#### What this task involves:
Starting with the line that has "Жених держит на руках невесту в парке" and finishing with the line that has "폴란드가 소형모듈원전(SMR) 분야에서", set down each line below exactly. Pictures are not copied.

── Information shown

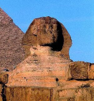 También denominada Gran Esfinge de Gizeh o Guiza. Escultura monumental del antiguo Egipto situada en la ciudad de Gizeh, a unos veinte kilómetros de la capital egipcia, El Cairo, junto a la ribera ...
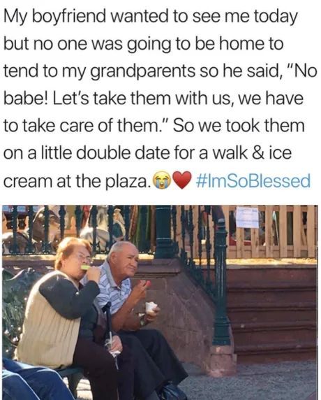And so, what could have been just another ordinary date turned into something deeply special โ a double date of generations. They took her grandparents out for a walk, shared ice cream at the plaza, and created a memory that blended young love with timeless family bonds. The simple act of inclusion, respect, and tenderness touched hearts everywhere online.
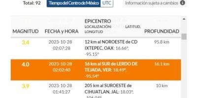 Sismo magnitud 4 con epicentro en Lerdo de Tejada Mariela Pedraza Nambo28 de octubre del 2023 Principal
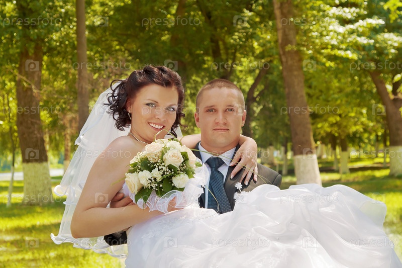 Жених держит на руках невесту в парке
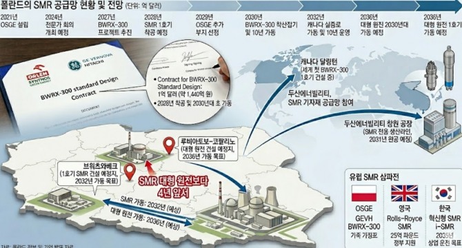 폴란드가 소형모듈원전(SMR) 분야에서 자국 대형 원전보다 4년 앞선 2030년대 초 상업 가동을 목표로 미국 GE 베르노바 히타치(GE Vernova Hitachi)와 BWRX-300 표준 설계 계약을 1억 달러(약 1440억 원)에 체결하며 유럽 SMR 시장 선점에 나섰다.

────
── Information shown

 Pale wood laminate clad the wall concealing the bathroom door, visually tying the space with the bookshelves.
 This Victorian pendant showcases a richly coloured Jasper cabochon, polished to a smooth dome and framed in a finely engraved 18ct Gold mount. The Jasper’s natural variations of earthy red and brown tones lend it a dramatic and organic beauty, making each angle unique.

────

#### Answer for the task:
 Жених держит на руках невесту в парке
 폴란드가 소형모듈원전(SMR) 분야에서 자국 대형 원전보다 4년 앞선 2030년대 초 상업 가동을 목표로 미국 GE 베르노바 히타치(GE Vernova Hitachi)와 BWRX-300 표준 설계 계약을 1억 달러(약 1440억 원)에 체결하며 유럽 SMR 시장 선점에 나섰다.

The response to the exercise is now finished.